Le fiabe possono aiutare a trattare, semplificandoli senza banalizzarli, temi delicati come la malattia, la violenza, la nascita di un fratellino, il bullismo, la diversità, i cambiamenti della vita, la paura dell’abbandono, le catastrofi naturali.

Un racconto può anche aiutare ad accettarsi per come si è, vincendo i propri complessi e convincendosi d’essere unici e speciali, anche se ci sente “diversi” , come il brutto anatroccolo della famosa favola.

Non tutti sono d’accordo a introdurre nelle favole temi come la morte, il dolore o la violenza, ma le fiabe sono una metafora della vita e come negare che nella vita ci sono anche momenti bui? Adeguandosi alla maturità e alla sensibilità del bambino, bisogna fargli comprendere che il Male esiste e va riconosciuto, ma evitando di spaventarlo.

Il bambino ha il diritto di guardare al futuro con fiducia e ottimismo, perciò, è giusto dargli sempre la possibilità di sperare in un lieto fine, con la consapevolezza che perfino le prove più dure della vita si possono superare.

Le fiabe possono aiutare anche ad affrontare la separazione dei genitori.

In questo caso, bisogna dare un messaggio positivo, ma senza alimentare false speranze. Andrà, ad esempio, sottolineato che ad essere eterno è l’amore per i propri figli e che ogni cambiamento regala nuove opportunità e sorprese.

Sono state scritte fiabe sull’omosessualità, i cui protagonisti sono bambini che hanno due mamme o due papà, ma anche fiabe che rappresentano famiglie allargate, casi di pedofilia o l’inseminazione eterologa.

Anche le classiche fiabe, però, offrono sempre interessanti spunti di riflessione.

Nel lupo di Cappuccetto Rosso o nel Lucignolo di Pinocchio, per esempio, è facile riconoscere la personificazione del Male, che attrae e tenta anche i più buoni. Riuscire a non farsi influenzare dagli altri e, soprattutto, dalle cattive compagnie è un tema da affrontare anche con i più grandicelli, che devono imparare a distinguere i veri amici dai tanti gatti e volpi che ci sono in giro.
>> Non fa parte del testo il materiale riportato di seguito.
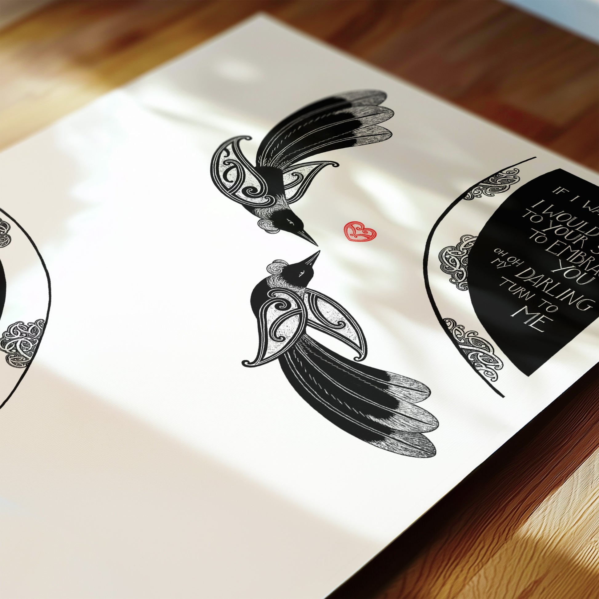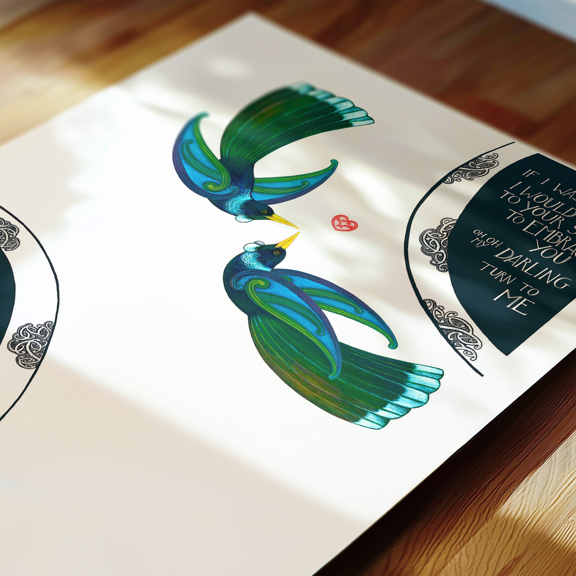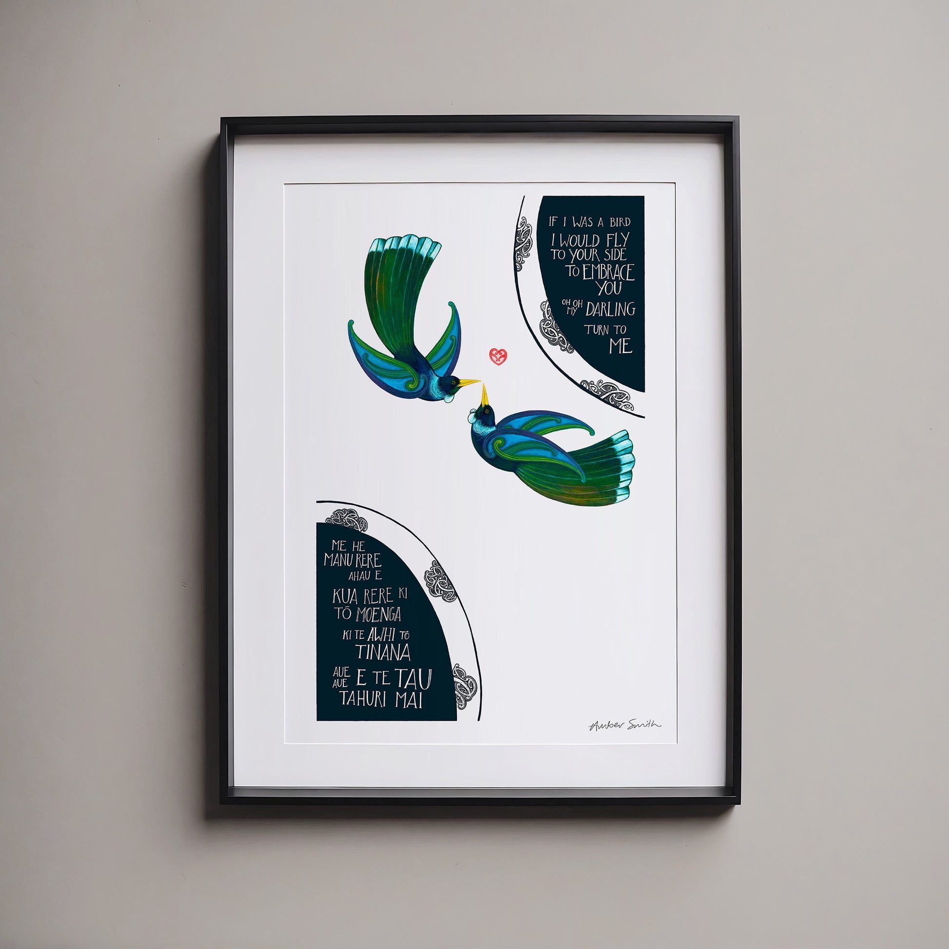 This waiata is all about the magnetic pull of love! The words are full of affection, heartfelt love, and a longing to be with that someone special. Its the hope and promise of togetherness, arohanui, a special connection that means you are together even when apart. The tui birds in this artwork symbolise lovers joyfully reunited.

La vita non è fatta di solo divertimento e bisogna assumersi le proprie responsabilità.

Questo lo dimostra anche la favola de “La cicala e la formica” che sottolinea l’importanza del lavoro, del sacrificio, dell’impegno e dell’essere previdenti.

Per ogni occasione, esiste una fiaba adatta, altrimenti la si può inventare ad hoc, partendo da immagini della vita reale. Ci si può far aiutare dal bambino stesso, chiedendogli, per esempio, come si comporterebbe in una determinata situazione o come considera un determinato personaggio.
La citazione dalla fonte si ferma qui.